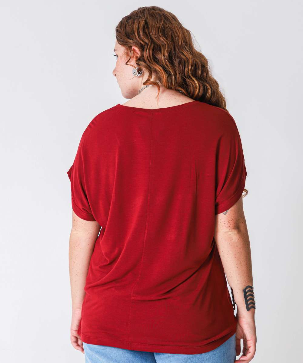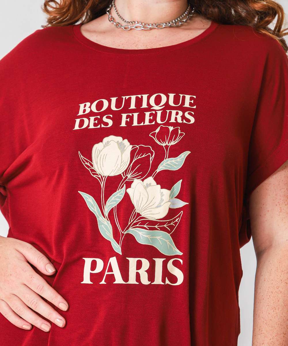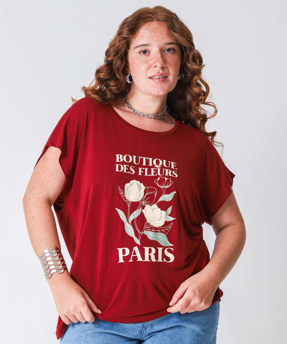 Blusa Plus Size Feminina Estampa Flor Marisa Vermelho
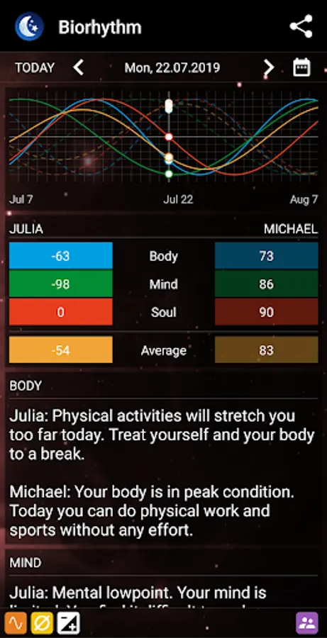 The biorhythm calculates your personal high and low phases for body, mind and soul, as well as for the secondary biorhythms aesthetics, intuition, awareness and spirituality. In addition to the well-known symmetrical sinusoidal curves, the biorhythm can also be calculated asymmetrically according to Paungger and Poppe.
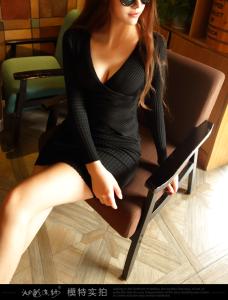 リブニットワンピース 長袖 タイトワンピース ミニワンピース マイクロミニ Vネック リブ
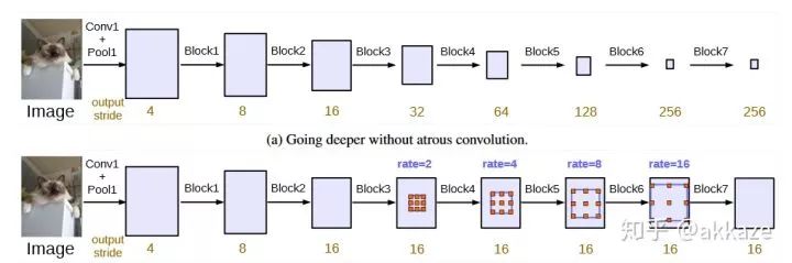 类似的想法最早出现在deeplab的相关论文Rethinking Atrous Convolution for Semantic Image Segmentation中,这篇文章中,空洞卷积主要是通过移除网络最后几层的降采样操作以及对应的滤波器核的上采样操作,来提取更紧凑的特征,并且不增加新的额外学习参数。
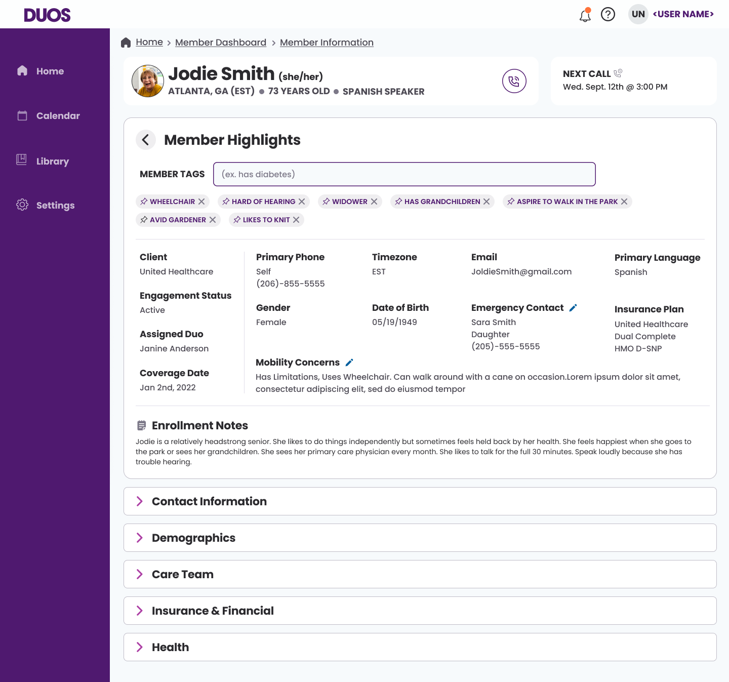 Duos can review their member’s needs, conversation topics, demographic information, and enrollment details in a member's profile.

==

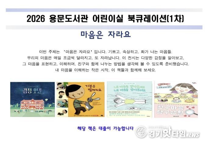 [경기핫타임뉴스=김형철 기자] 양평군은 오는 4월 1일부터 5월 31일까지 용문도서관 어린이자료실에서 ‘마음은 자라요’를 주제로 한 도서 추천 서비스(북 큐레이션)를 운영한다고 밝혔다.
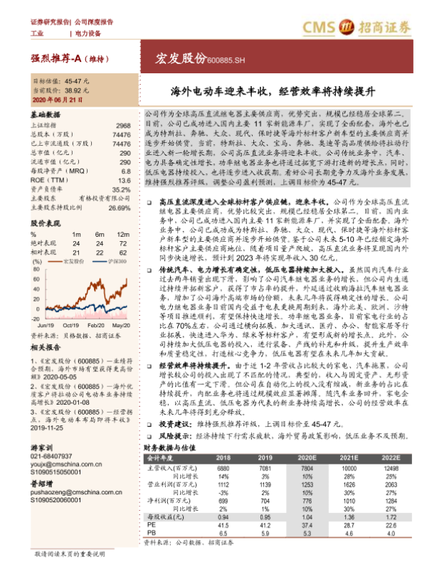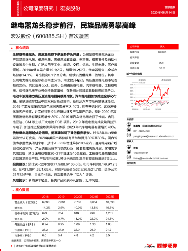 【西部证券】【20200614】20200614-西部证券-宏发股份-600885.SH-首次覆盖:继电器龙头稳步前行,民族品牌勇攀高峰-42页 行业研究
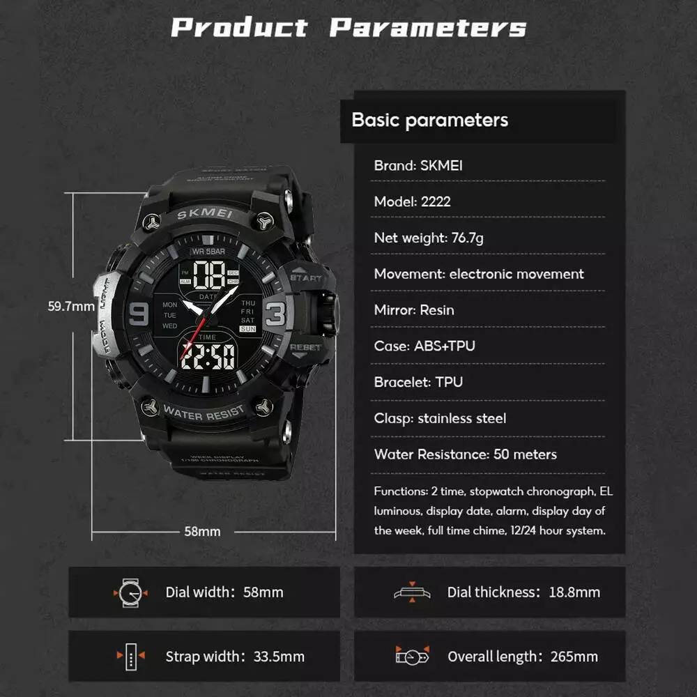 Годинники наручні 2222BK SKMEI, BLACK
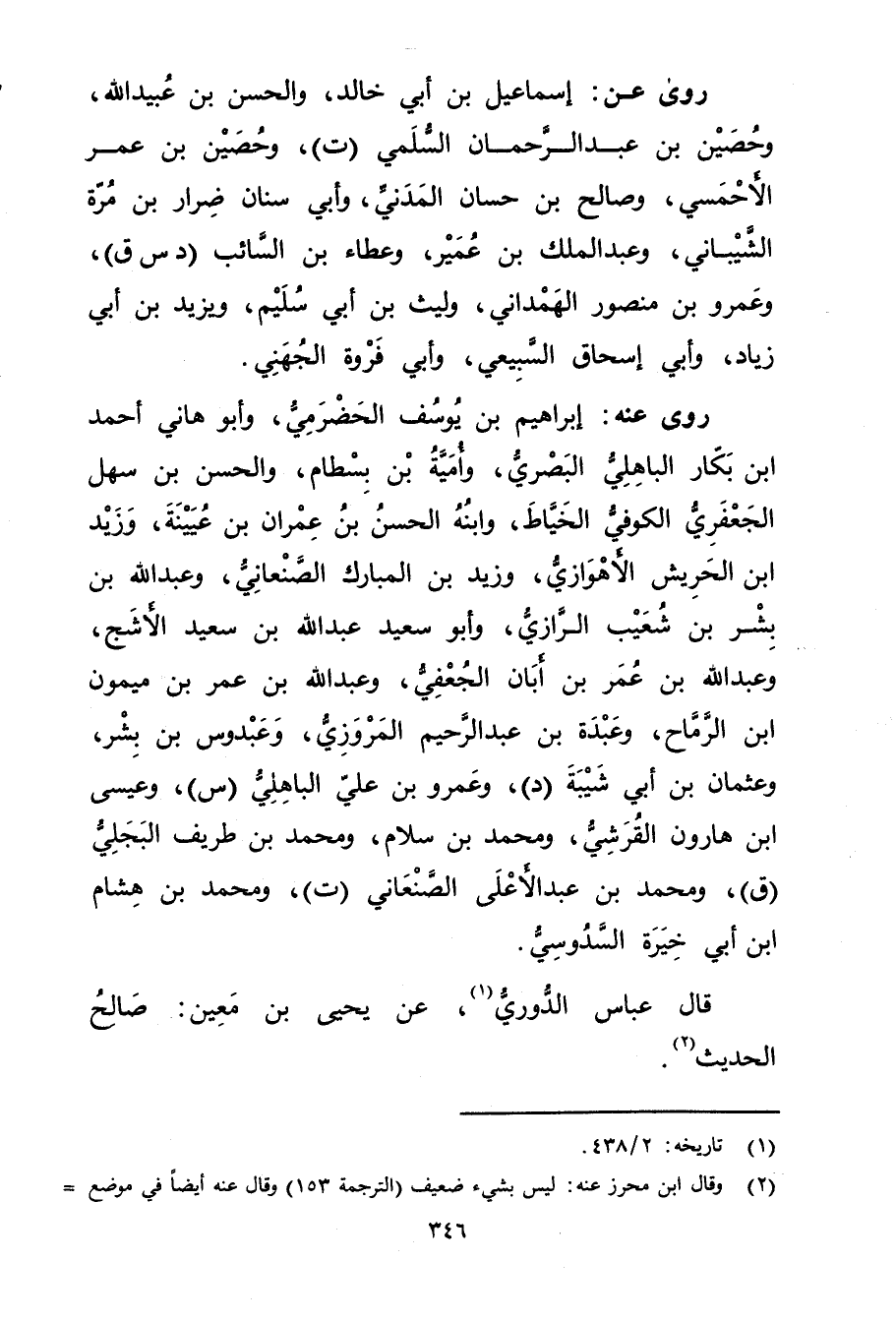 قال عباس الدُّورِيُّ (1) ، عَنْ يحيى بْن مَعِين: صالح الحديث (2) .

## PROBLEM:
Beginning with the line above that contains "[경기핫타임뉴스=김형철 기자] 양평군은" and ending with the line that contains "قال عباس الدُّورِيُّ", quote each line exactly, keeping out the pictures.

## RESULT OF THIS EXERCISE:
 [경기핫타임뉴스=김형철 기자] 양평군은 오는 4월 1일부터 5월 31일까지 용문도서관 어린이자료실에서 ‘마음은 자라요’를 주제로 한 도서 추천 서비스(북 큐레이션)를 운영한다고 밝혔다.
 【西部证券】【20200614】20200614-西部证券-宏发股份-600885.SH-首次覆盖:继电器龙头稳步前行,民族品牌勇攀高峰-42页 行业研究
 Годинники наручні 2222BK SKMEI, BLACK
 قال عباس الدُّورِيُّ (1) ، عَنْ يحيى بْن مَعِين: صالح الحديث (2) .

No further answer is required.